#### Brief
Give an exact copy of the data that follows, but none of its pictures.

#### Information supplied
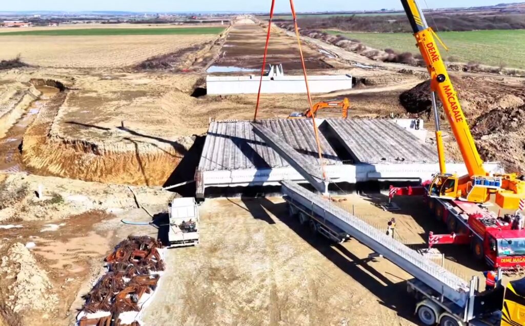 Se lucrează intens la terasamente, poduri, coloane de beton în zonele mlăștinoase, taluzări sau montarea grinzilor. În același timp, continuă armarea și betonarea plăcilor la poduri. Peste 1 milion de metri cubi de umplutură au fost deja realizați – mai mult de jumătate din total, iar grinzile au fost deja montate pe primele 8 structuri, urmând în aprilie să fie montate pe următoarele 6. Avem deja primul strat de asfalt pe circa 2,5km.
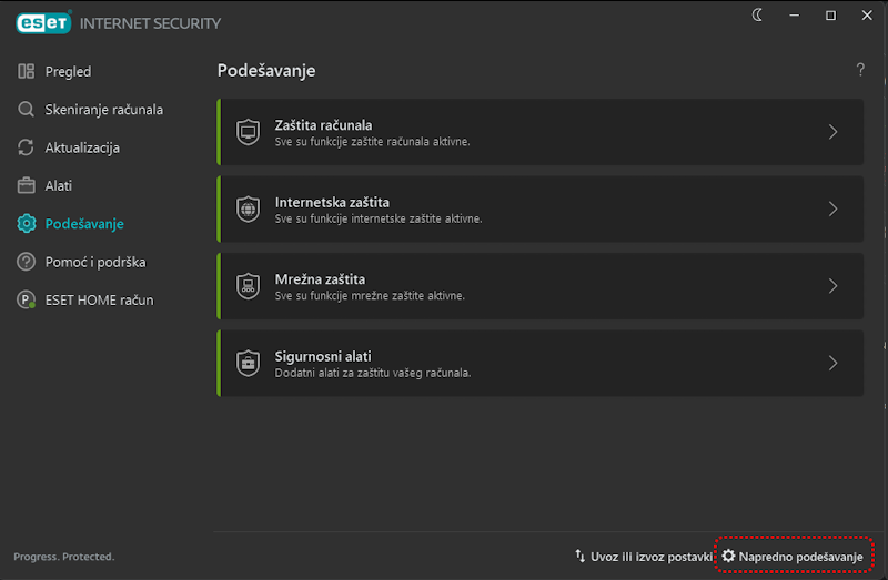 Otvorite ESET-ov program i pokrenite Napredno podešavanje
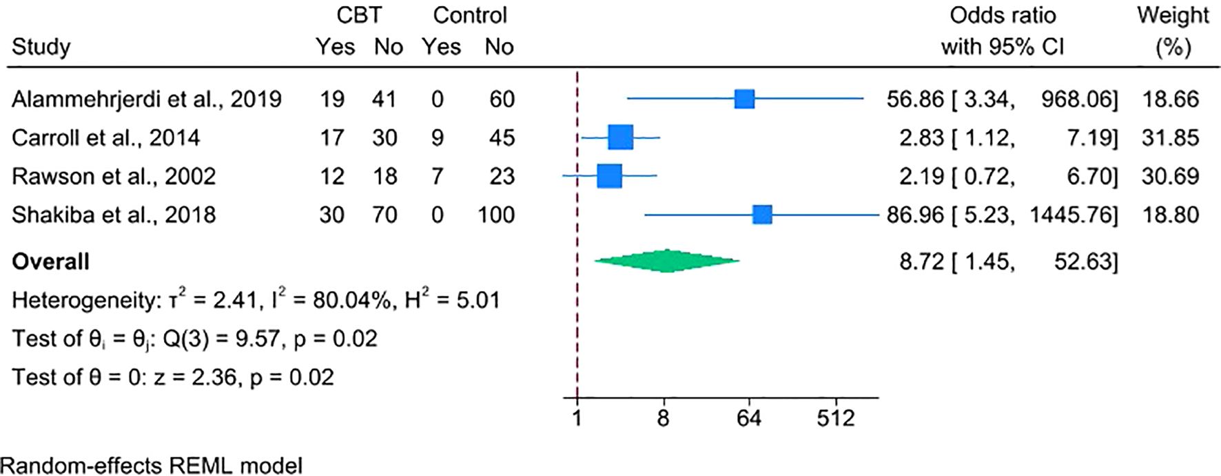 Third, we conducted a RoB-informed analysis that excluded the four trials rated as having an overall high risk of bias. The remaining four comparisons (22, 25, 28, 30) continued to favor CBT (OR = 8.72, 95% CI 1.45–52.63; Figure 7). Heterogeneity persisted at a high level (I² = 80.04%), indicating that the variability was not explained by study-level risk of bias.
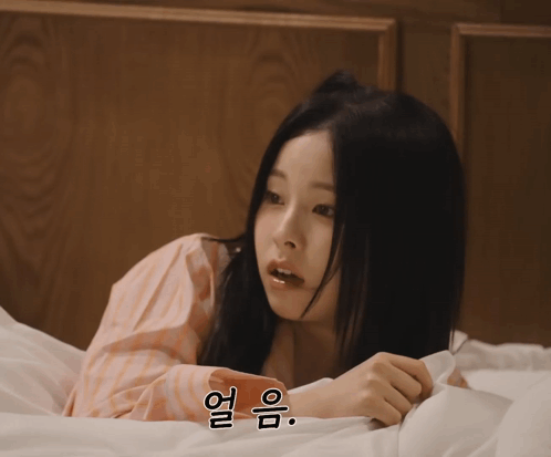 Nmixx's Kyujin looks startled in bed, wearing pajamas, with a Korean caption "얼음." (Freeze.).

#### Task result
 Se lucrează intens la terasamente, poduri, coloane de beton în zonele mlăștinoase, taluzări sau montarea grinzilor. În același timp, continuă armarea și betonarea plăcilor la poduri. Peste 1 milion de metri cubi de umplutură au fost deja realizați – mai mult de jumătate din total, iar grinzile au fost deja montate pe primele 8 structuri, urmând în aprilie să fie montate pe următoarele 6. Avem deja primul strat de asfalt pe circa 2,5km.
 Otvorite ESET-ov program i pokrenite Napredno podešavanje
 Third, we conducted a RoB-informed analysis that excluded the four trials rated as having an overall high risk of bias. The remaining four comparisons (22, 25, 28, 30) continued to favor CBT (OR = 8.72, 95% CI 1.45–52.63; Figure 7). Heterogeneity persisted at a high level (I² = 80.04%), indicating that the variability was not explained by study-level risk of bias.
 Nmixx's Kyujin looks startled in bed, wearing pajamas, with a Korean caption "얼음." (Freeze.).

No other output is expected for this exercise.